*** DATA SUPPLIED Section Begins ***

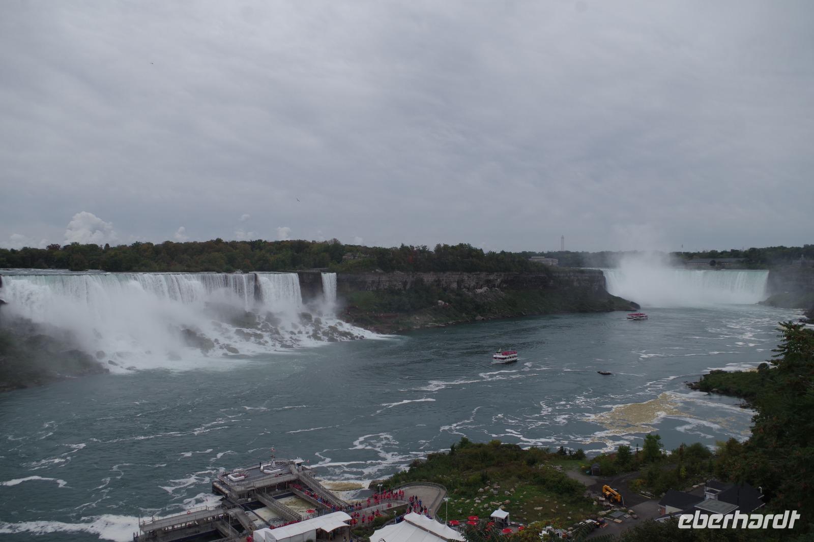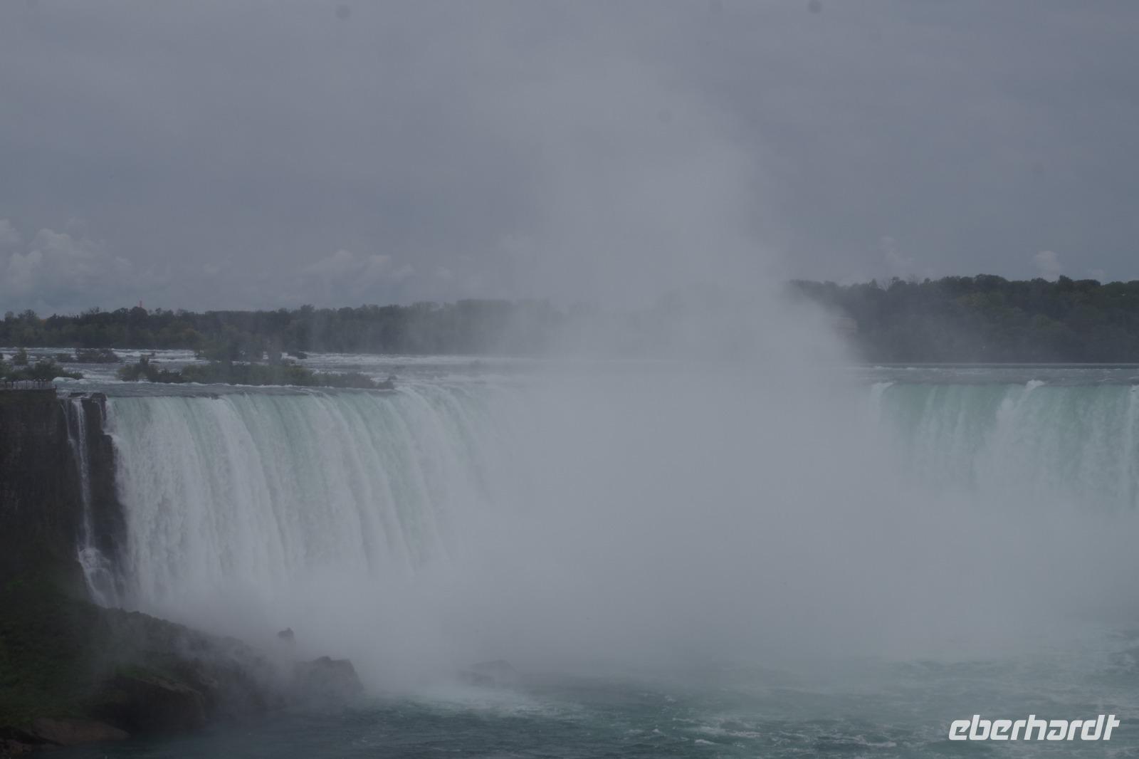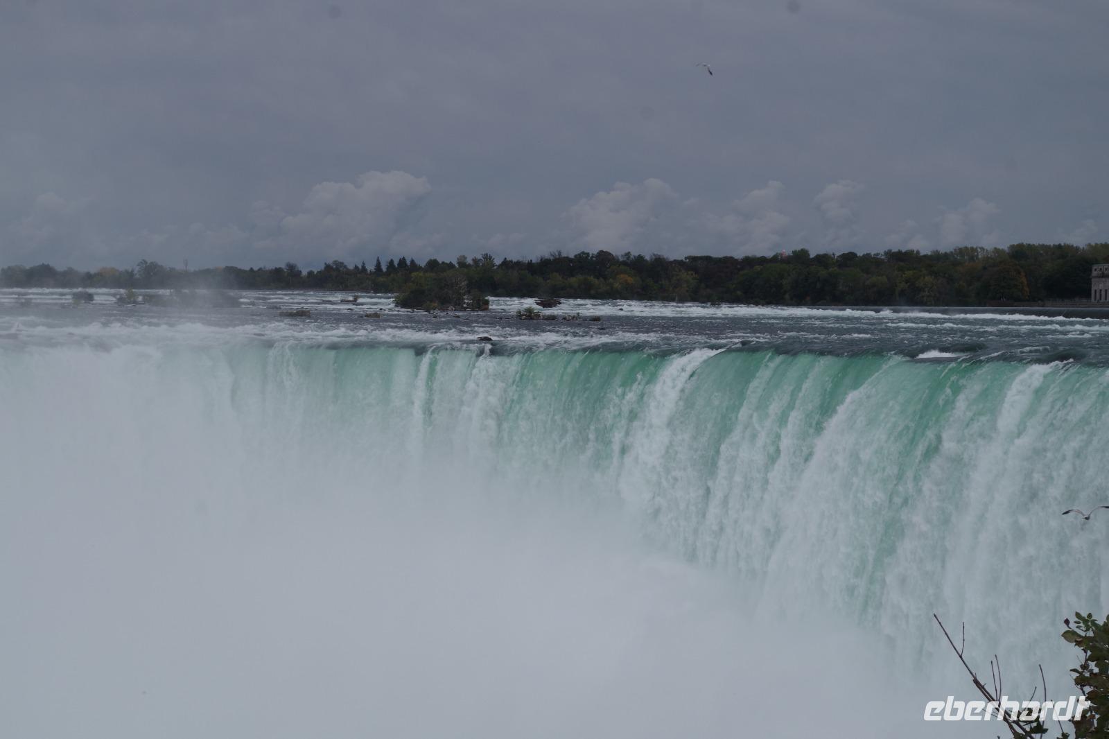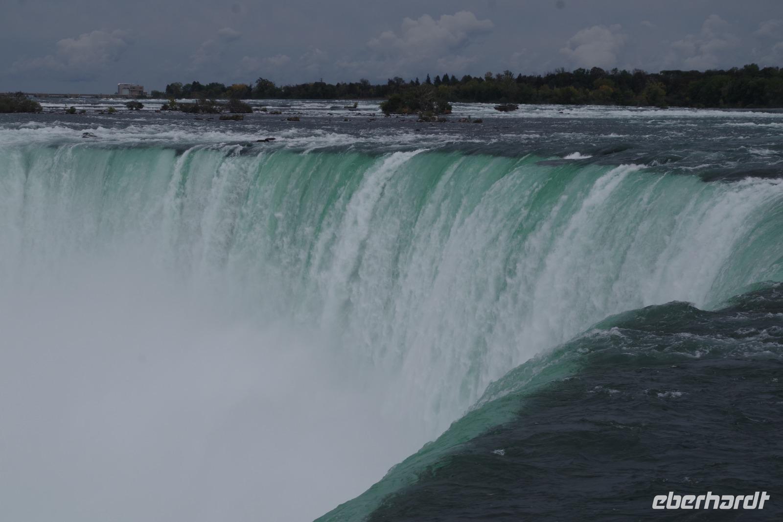 Danach startete unserer Fahrt in Richtung der Niagara Fälle. Wir fuhren dabei auch durch den schönen, kleinen Ort Niagara on the Lake, hielten nochmal am sogenannten Whirlpool der Niagara Fälle und erreichten diese dann endlich. Durchschnittlich stürzen dort 6 Millionen Liter Wasser pro Sekunde herunter. Die Niagara Fälle werden auch für die Stromerzeugung genutzt, weswegen man nur etwa 60 Prozent der Wassermassen sehen kann. Im Winter und in der Nacht fließen sogar nur 30 Prozent des Wassers über die Fälle. Damit soll verhindert werden, dass die Wasserfälle noch mehr wandern. Die Wasserfälle befinden sich mittlerweile schon ganze 11 km in südlicher Richtung entfernt vom ursprünglichen Standort. Aufgrund der Einschränkungen kann heute nur noch eine Bewegung von etwa 10 cm pro Jahr vernommen werden.
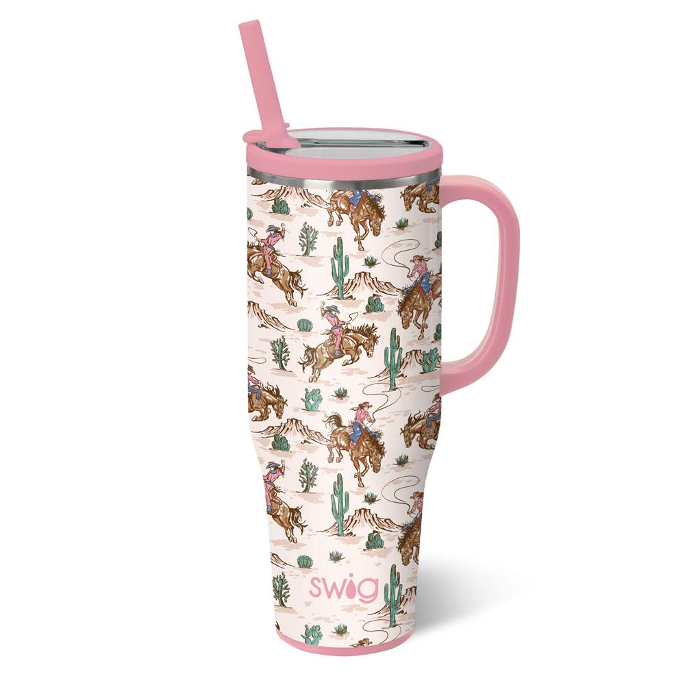 New lid, zero leaks, same great size! 🧊 Get rodeo ready with this illustrated design of cowgirls riding bucking broncos, with desert scenery on a glitter ivory background. 🐎
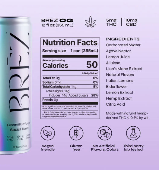 FDA DISCLAIMER: Our products are not for use by or sale to persons under the age of 21. All products contain less than 0.3% THC per the Controlled Substances Act. Consult your physician before use if you are pregnant, nursing, have allergies, or are taking any medication. BRĒZ is a non-alcoholic beverage. However, we use craft-extracted flavors from Italian lemons and Elderflower, which means there is a trace amount of ethanol in BRĒZ—less than a bottle of commercial kombucha. (<0.5% ABV). These products have not been evaluated by the FDA for safety or efficacy. This product is not intended to diagnose, treat, cure or prevent any disease.
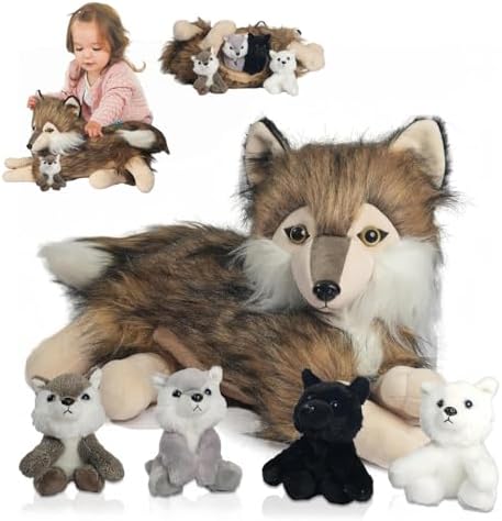 View full details5 Pcs Wolf Stuffed Animal Plush Set 16 Inch Large Mommy Stuffed Wolf Plush Toy with 4 Babies Wolves Inside Belly, Soft Plush Wolf Toys Plushies for Kids Boys Girls Birthday Christmas
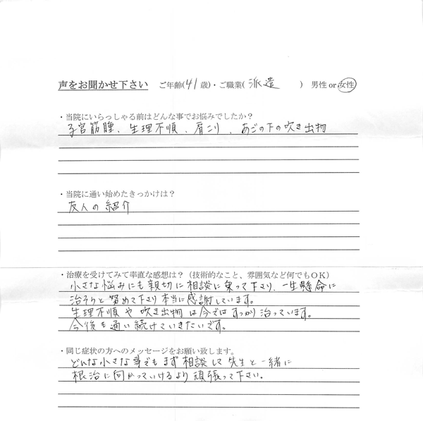小さな悩みにも親切に相談に乗って下さり、一生懸命治そうと努めて下さり本当に感謝しています。
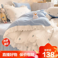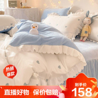 [旗舰直营]ins网红床裙四件套加厚公主风亲肤磨毛被套床单三件套床上用品4件冰星梦
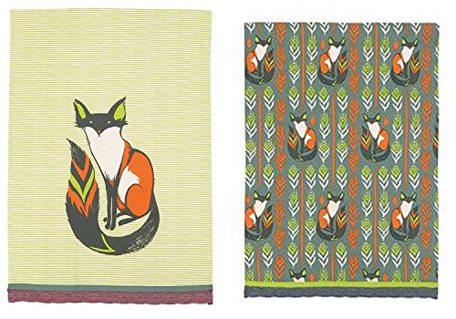 Sarah Watts Sitting Fox and Foxes Designer Kitchen Dish Tea Towels Dishcloths Set of 2
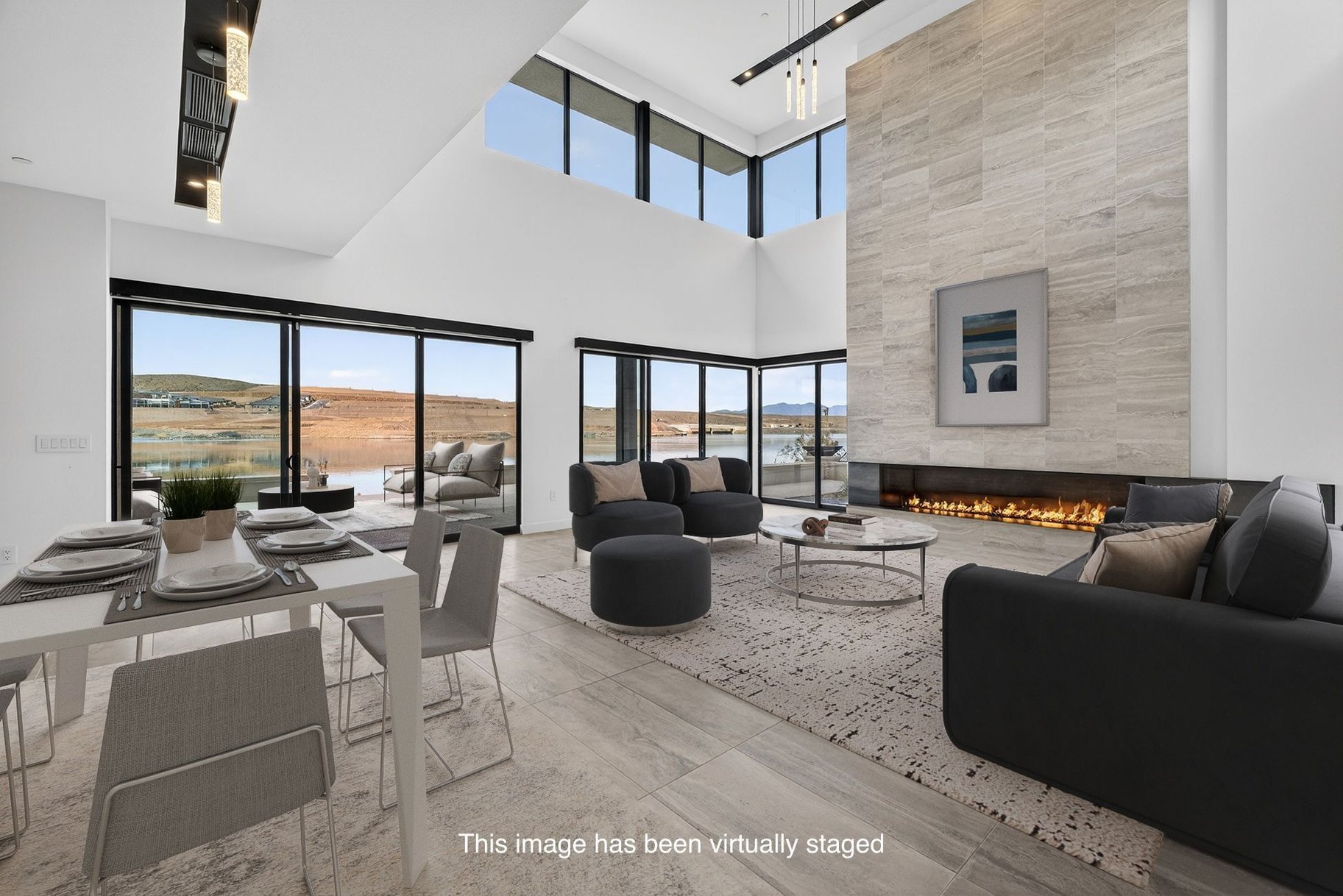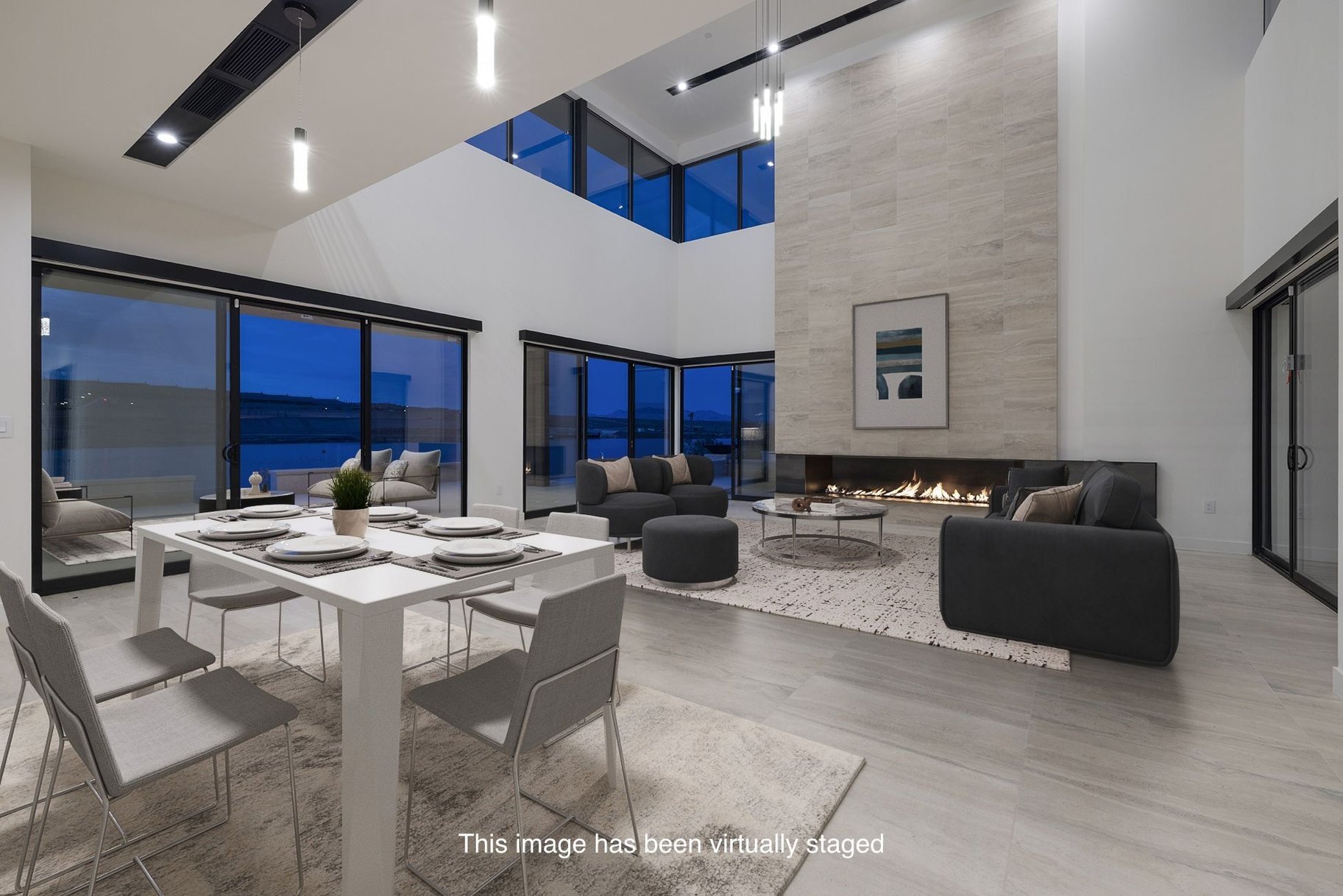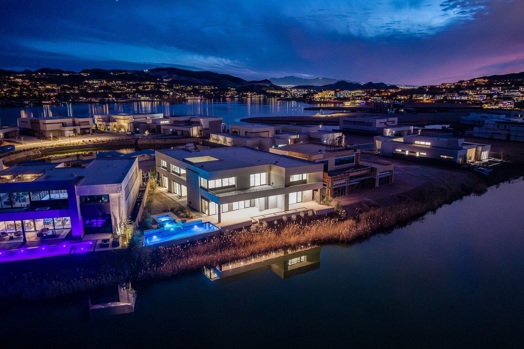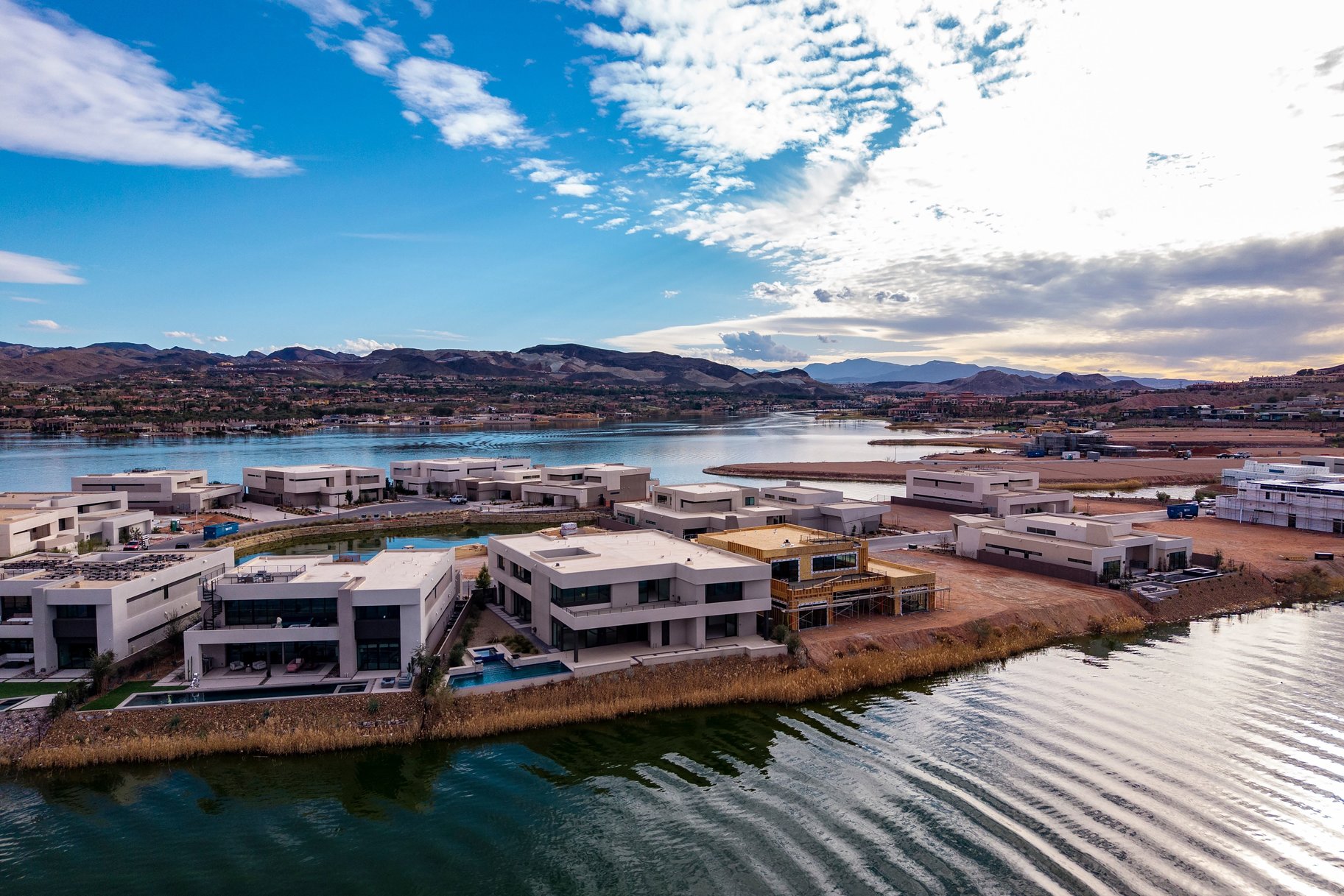 Experience refined waterfront living on The Island at Lake Las Vegas, a new guard-gated waterfront community by Raintree Development. This modern two-story residence is uniquely positioned on of the largest waterfront lots in the neighborhood with an expanded side yard, offering enhanced privacy and additional space for outdoor entertaining. The backyard enjoys direct lake frontage and mountain views and showcases a grand pool and spa with elegant water bowl features, creating a striking resort-style setting. The home also includes approval for a private dock, providing effortless access to boating and water sports. The Vegas Modern upgrade package and custom closets by Classy Closets blend clean architectural design with everyday functionality. Residents enjoy 320 acres of water recreation, Reflection Bay Golf Club, scenic walking and running trails, and The Village’s charming lakeside dining, shopping, & entertainment. Sports Club membership valued at $25,000 included with purchase.

*** DATA SUPPLIED Section Ends ***

--- TASK DIRECTIONS ---
This exercise asks for an exact copy of the lines from the first one in the data through the line that contains "New lid, zero", pictures excluded.

--- SOLUTION ---
 Danach startete unserer Fahrt in Richtung der Niagara Fälle. Wir fuhren dabei auch durch den schönen, kleinen Ort Niagara on the Lake, hielten nochmal am sogenannten Whirlpool der Niagara Fälle und erreichten diese dann endlich. Durchschnittlich stürzen dort 6 Millionen Liter Wasser pro Sekunde herunter. Die Niagara Fälle werden auch für die Stromerzeugung genutzt, weswegen man nur etwa 60 Prozent der Wassermassen sehen kann. Im Winter und in der Nacht fließen sogar nur 30 Prozent des Wassers über die Fälle. Damit soll verhindert werden, dass die Wasserfälle noch mehr wandern. Die Wasserfälle befinden sich mittlerweile schon ganze 11 km in südlicher Richtung entfernt vom ursprünglichen Standort. Aufgrund der Einschränkungen kann heute nur noch eine Bewegung von etwa 10 cm pro Jahr vernommen werden.
 New lid, zero leaks, same great size! 🧊 Get rodeo ready with this illustrated design of cowgirls riding bucking broncos, with desert scenery on a glitter ivory background. 🐎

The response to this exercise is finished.